## What needs to be done
From the line holding "We met when" through the line holding "PRETTYGARDEN Fall Dresses" below, write out every line exactly; include both of those lines and drop the pictures.

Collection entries
....
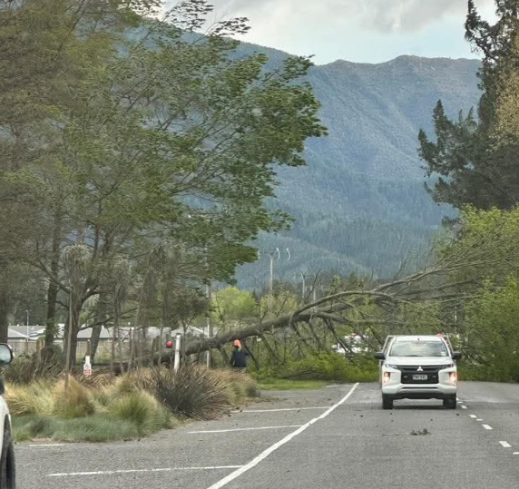 A large tree has been pictured blocking a main road in Hanmer Springs.
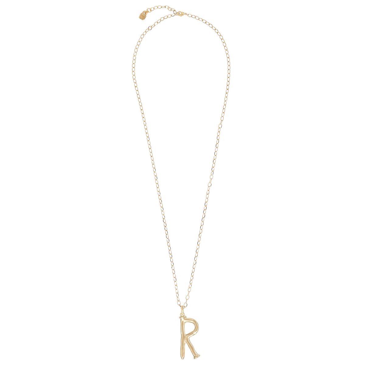 Особенности Золотая подвеска на цепочку Буква R большая UNOde50
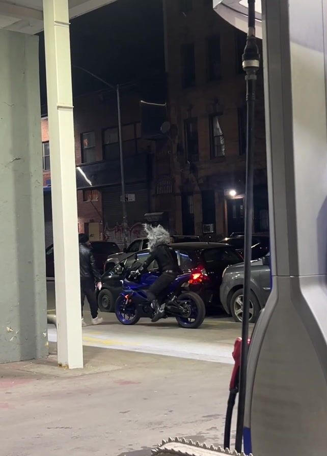 At a gas station at night, a person in black clothing and a large wolf-like costume headpiece sits on a blue motorcycle. Another person in a black jacket and white sneakers stands nearby looking at them. Several parked cars are visible in the background. The scene is dimly lit. The gas pump is in the foreground.
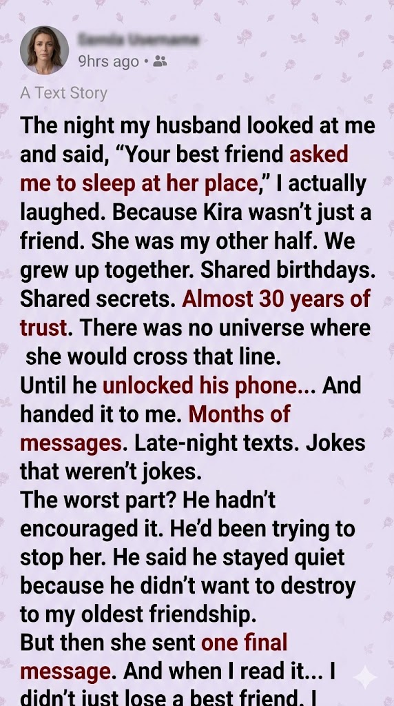 We met when we were five. Our moms became friends. We had sleepovers almost every weekend growing up. She was my maid of honor at my wedding. I was there when she went through her first heartbreak. We’d been in each other’s lives for nearly thirty years.
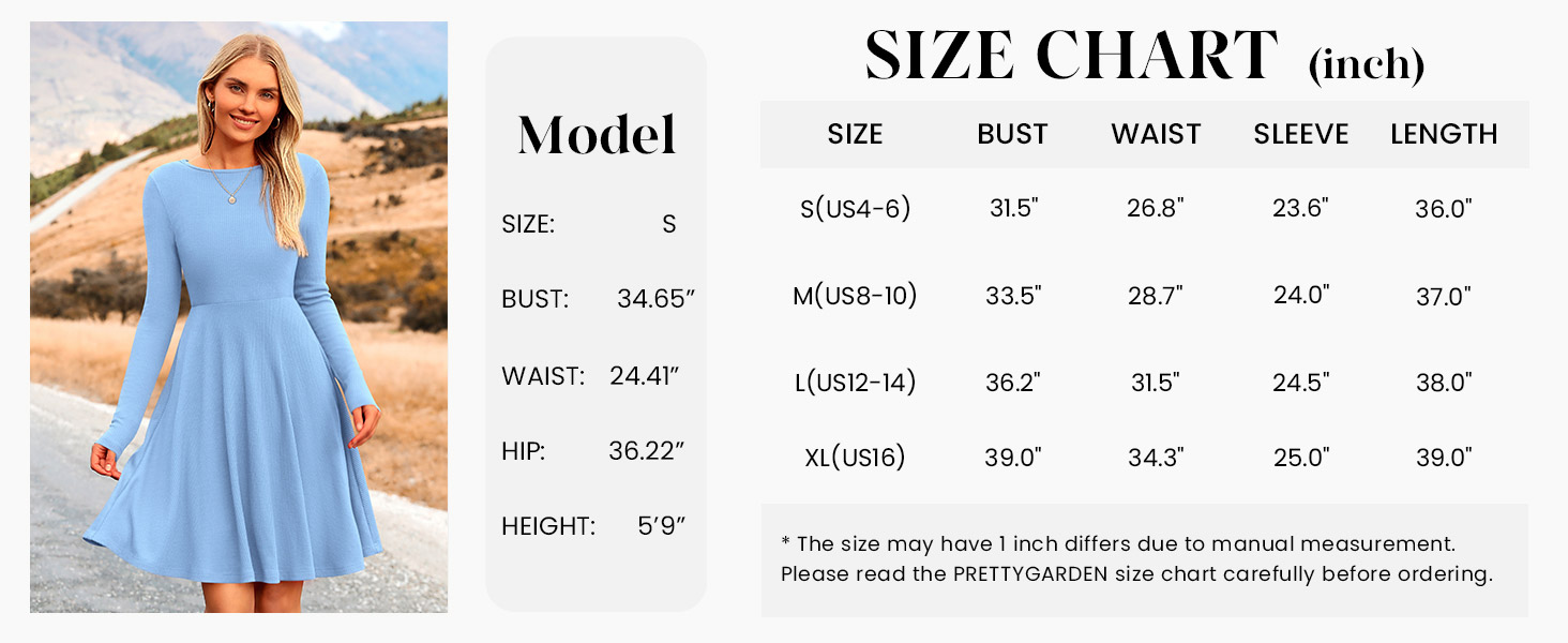 PRETTYGARDEN Fall Dresses for Women Casual Long Sleeve Ribbed Knit Dress
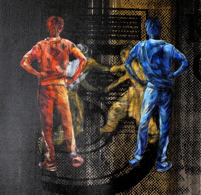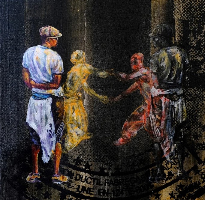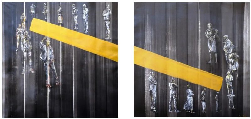 Ses œuvres en deux dimensions explorent la figure humaine en tant qu’individu et en tant que membre d’une communauté, en se concentrant sur les questions d’identité et d’appartenance : les espaces que nous occupons, les informations que nous recevons et partageons, les personnes avec lesquelles nous nous associons, notre réaction aux changements qui nous entourent, qu’ils soient provoqués par l’homme ou par des causes naturelles.
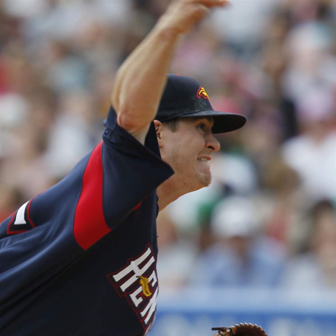 Toledo Mud Hens starting pitcher Thad Weber lobs the ball at the plate.
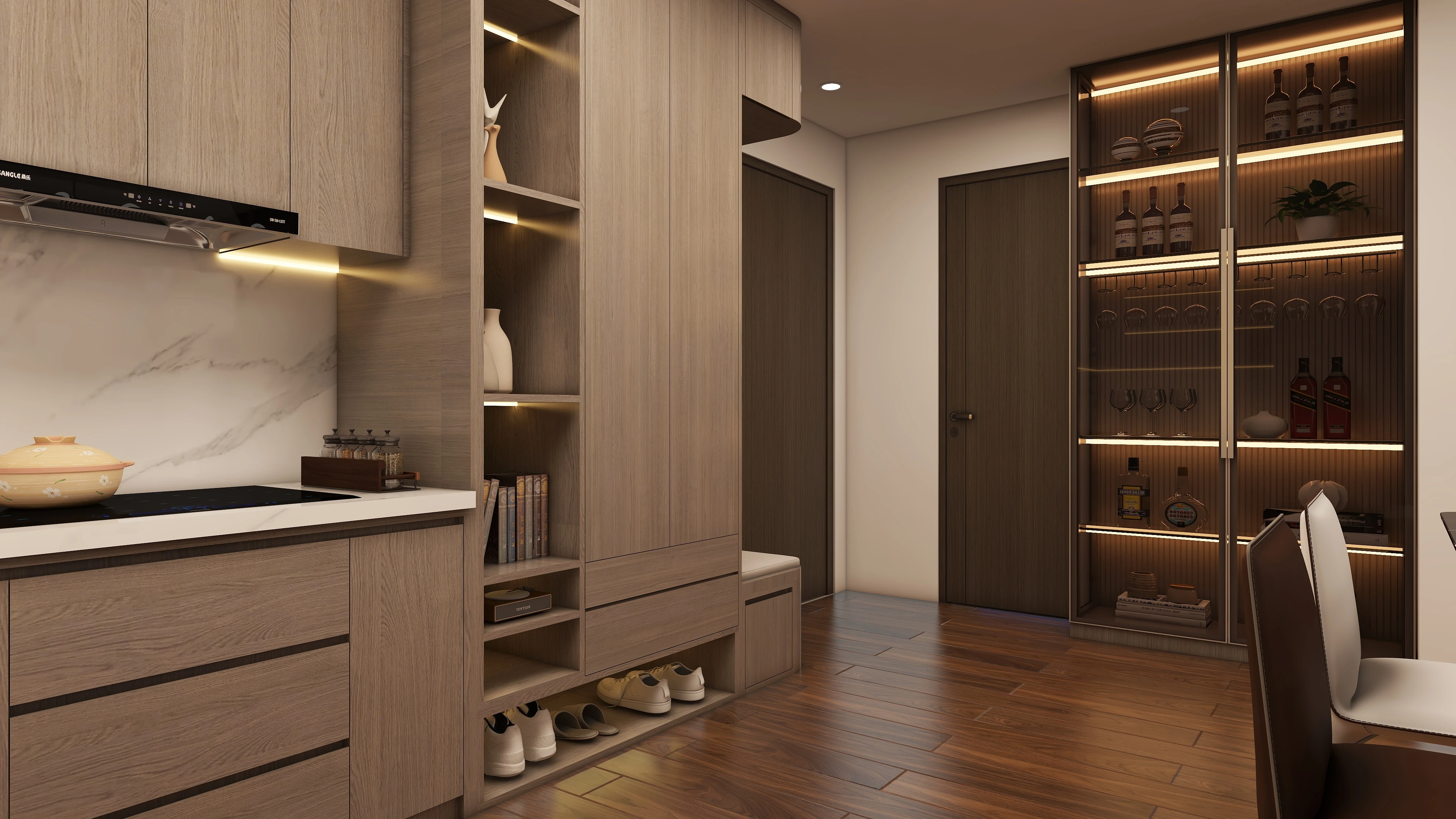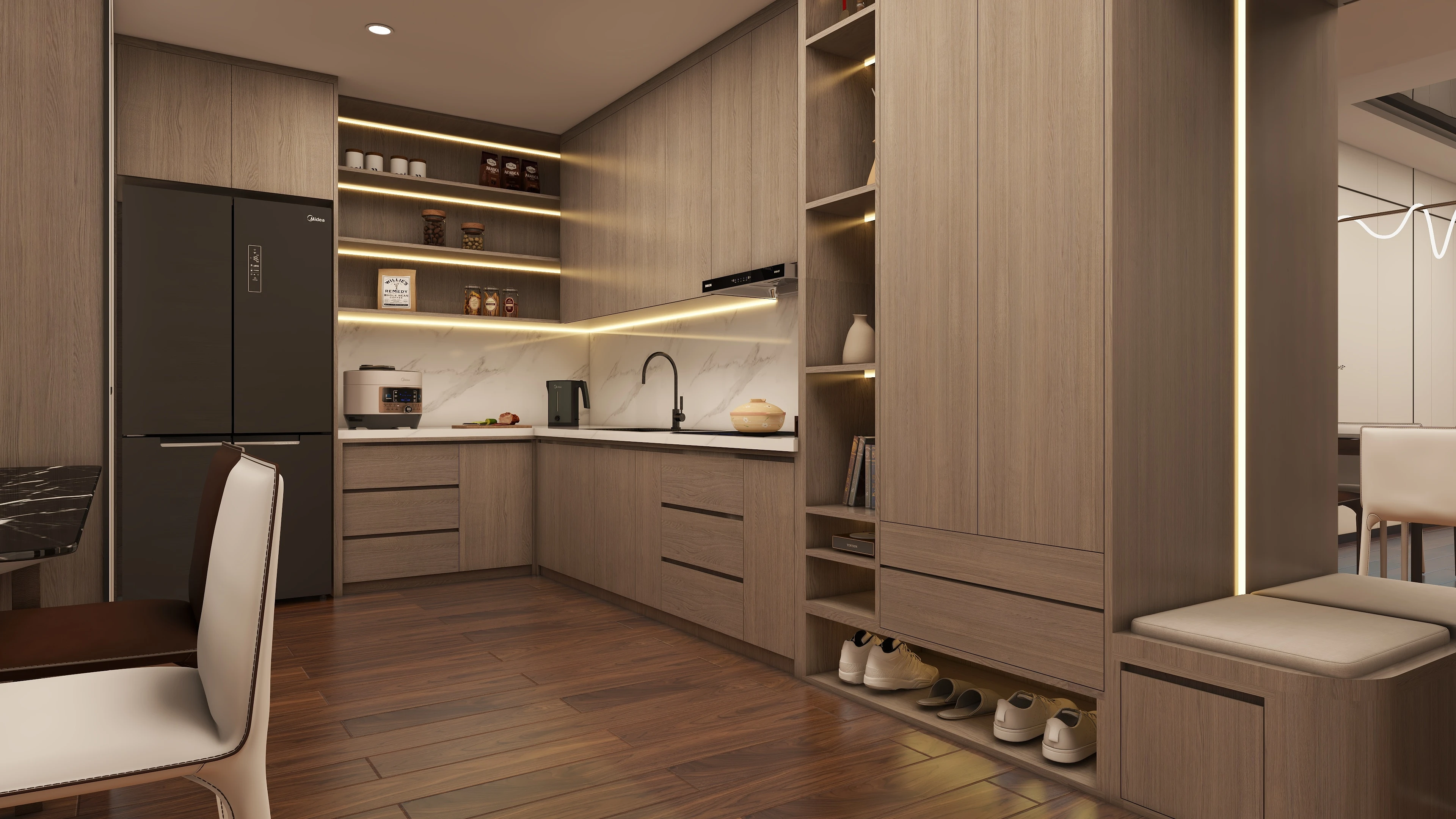 🎨 Vách tường đồng bộ – liền mạch tổng thể: Toàn bộ hệ tủ và vách tường ốp gỗ dọc cùng mảng tường sáng phía sau giúp mở rộng không gian thị giác và mang lại sự sang trọng tối giản.
....
## Answer box
 We met when we were five. Our moms became friends. We had sleepovers almost every weekend growing up. She was my maid of honor at my wedding. I was there when she went through her first heartbreak. We’d been in each other’s lives for nearly thirty years.
 PRETTYGARDEN Fall Dresses for Women Casual Long Sleeve Ribbed Knit Dress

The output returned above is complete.